Assignment: Output the lines of the records exactly, from the first through the one containing "From Mud Pie, the". Omit all pictures.

Given records:
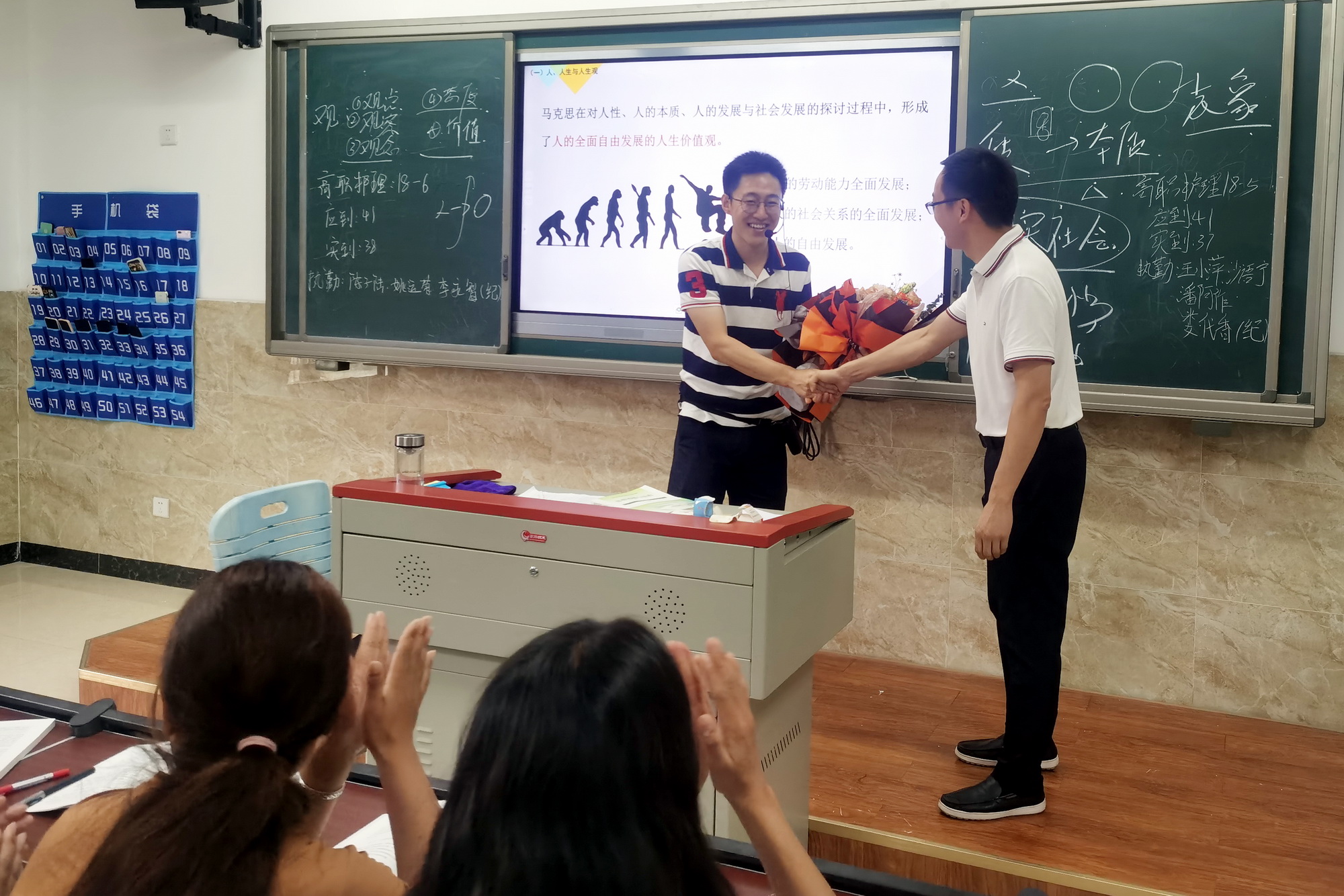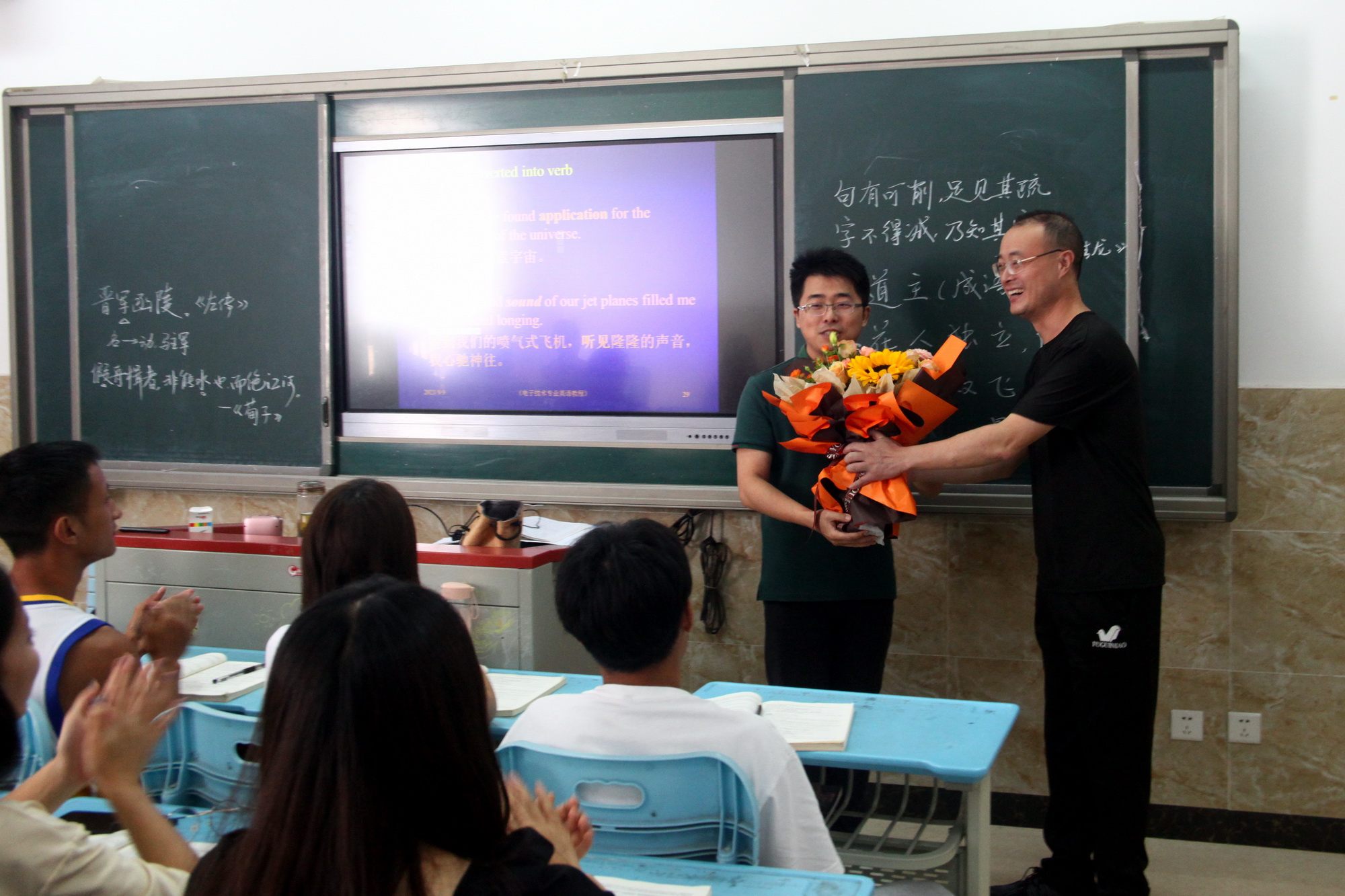 “鲍老师,您辛苦了,节日快乐!” 9月10日教师节一早,学院党委书记易群走进了4号实训楼306教室,将手里捧的一束鲜花递给了财经管理系青年教师鲍敏的手中。“好漂亮呀!没想到教师节当天能收到易书记送的鲜花,太惊喜了。”鲍老师开心地接过易书记送的鲜花,同学们也及时献上了祝福的掌声。
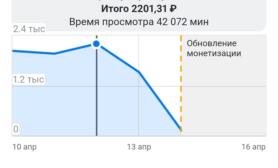 Делюсь наблюдениями за монетизацией по новым правилам Дзена. В общем, она всё. Моя аудитория подписалась, чтобы видео смотреть, а не статьи читать. И монетизация была за время, проведённое при просмотре/чтении. Теперь она только за чтение статей. На прочитывание статьи уходит 1 минута. Посмотреть видео - 8 минут. Ну и на белых скринах видно, как сократилось время, за которое платят. Доход с 2000р в день упал до 136р в день. 🤪 Это просто смех на палке. Но статьи писать надо, потому что там ссылка на бесплатный просмотр видео в Рутубе. Ещё это видео можно посмотреть без рекламы в том же Дзене в Премиуме по подписке 200р в месяц. Смотрит его там, кстати, только треть подписавшихся. Но что же с Рутубом? На нём внезапно стали показывать рекламу, с которой внезапно мне пошёл доход! Посмотрите на чёрные скрины! В апреле я видео загружала вот последние три дня. И за три дня насмотрели почти на условных 3000 рублей (это предварительный расчёт). Возможно, стало иметь смысл развивать Рутуб
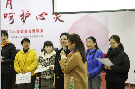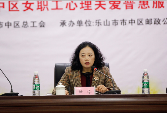 3月7日,在第109个“三八”国际妇女节即将来临之际,由市中区总工会主办,市中区邮政公司承办的2019年“温情三月,心灵呵护——乐山市市中区总工会关爱女职工心理服务”普惠活动在乐山市邮政公司6楼会议室举办,来自市中区各街道、乡镇和机关企事业单位的120名女职工代表参加活动,市总工会党组成员、副主席、女工委主任兰宁出席并讲话。
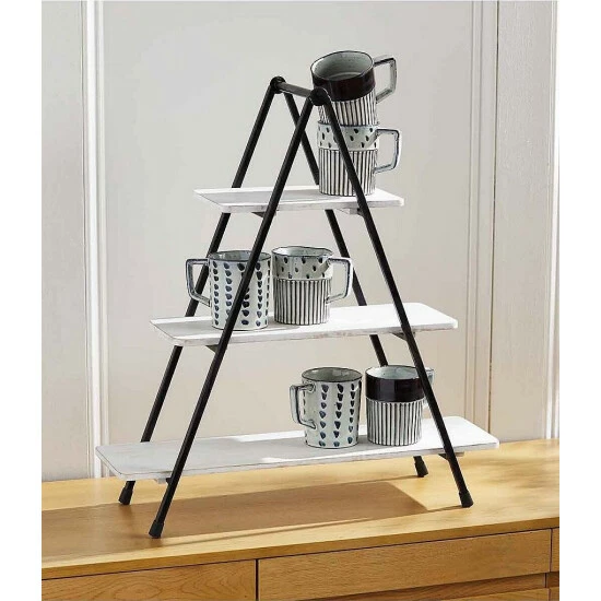 From Mud Pie, the White Three Tier Wood Server features:Β
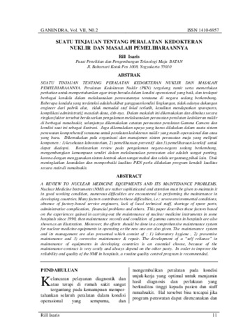 SUATU TINJAUAN TENTANG PERALATAN KEDOKTERAN NUKLIR DAN MASALAH PEMELIHARAANNYA. Peralatan Kedokteran Nuklir (PKN) tergolong rumit serta memerlukan perhatian untuk mempertahankan agar tetap berada dalam kondisi operasional yang baik, dan terdapat berbagai kendala dalam melaksanakan perawatannya terutama di negara sedang berkembang. Beberapa kendala yang terdeteksi adalah akibat gangguan kondisi lingkungan, tidak adanya dukungan engineer dari pabrik alat, tidak memadai staf lokal terlatih, kesulitan mendapatkan spareparts, komplikasi administratif, masalah dana, dsb-nya. Dalam makalah ini dikemukakan dan dibahas secara ringkas faktor tersebut berdasarkan pengalaman melaksanakan perawatan peralatan kedokteran nuklir di berbagai rumahsakit, selanjutnya dikemukakan catatan perawatan peralatan Gamma Camera dan kondisi saat ini sebagai ilustrasi. Juga dikemukakan upaya yang harus dilakukan dalam suatu sistem perawatan komprehensif terutama untuk peralatan kedokteran nuklir yang masih operasional dan atau yang baru. Dikemukakan pula organisasi dan manajemen sistem perawatan maju yang meliputi komponen : 1) kesehatan laboratorium, 2) pemeliharaan preventif dan 3) pemeliharaan korektif untuk dapat diadopsi. Berdasarkan review pada pengalaman negara-negara sedang berkembang, mengembangkan kemampuan sendiri dalam melaksanakan perawatan alat adalah sangat penting, karena dengan menggunakan sistem kontrak akan sangat mahal dan selalu tergantung pihak lain. Utuk meningkatkan keandalan dan memperbaiki kualitas PKN perlu dilakukan program kendali kualitas secara rutin di rumahsakit.

Your solution:
 “鲍老师,您辛苦了,节日快乐!” 9月10日教师节一早,学院党委书记易群走进了4号实训楼306教室,将手里捧的一束鲜花递给了财经管理系青年教师鲍敏的手中。“好漂亮呀!没想到教师节当天能收到易书记送的鲜花,太惊喜了。”鲍老师开心地接过易书记送的鲜花,同学们也及时献上了祝福的掌声。
 Делюсь наблюдениями за монетизацией по новым правилам Дзена. В общем, она всё. Моя аудитория подписалась, чтобы видео смотреть, а не статьи читать. И монетизация была за время, проведённое при просмотре/чтении. Теперь она только за чтение статей. На прочитывание статьи уходит 1 минута. Посмотреть видео - 8 минут. Ну и на белых скринах видно, как сократилось время, за которое платят. Доход с 2000р в день упал до 136р в день. 🤪 Это просто смех на палке. Но статьи писать надо, потому что там ссылка на бесплатный просмотр видео в Рутубе. Ещё это видео можно посмотреть без рекламы в том же Дзене в Премиуме по подписке 200р в месяц. Смотрит его там, кстати, только треть подписавшихся. Но что же с Рутубом? На нём внезапно стали показывать рекламу, с которой внезапно мне пошёл доход! Посмотрите на чёрные скрины! В апреле я видео загружала вот последние три дня. И за три дня насмотрели почти на условных 3000 рублей (это предварительный расчёт). Возможно, стало иметь смысл развивать Рутуб
 3月7日,在第109个“三八”国际妇女节即将来临之际,由市中区总工会主办,市中区邮政公司承办的2019年“温情三月,心灵呵护——乐山市市中区总工会关爱女职工心理服务”普惠活动在乐山市邮政公司6楼会议室举办,来自市中区各街道、乡镇和机关企事业单位的120名女职工代表参加活动,市总工会党组成员、副主席、女工委主任兰宁出席并讲话。
 From Mud Pie, the White Three Tier Wood Server features:Β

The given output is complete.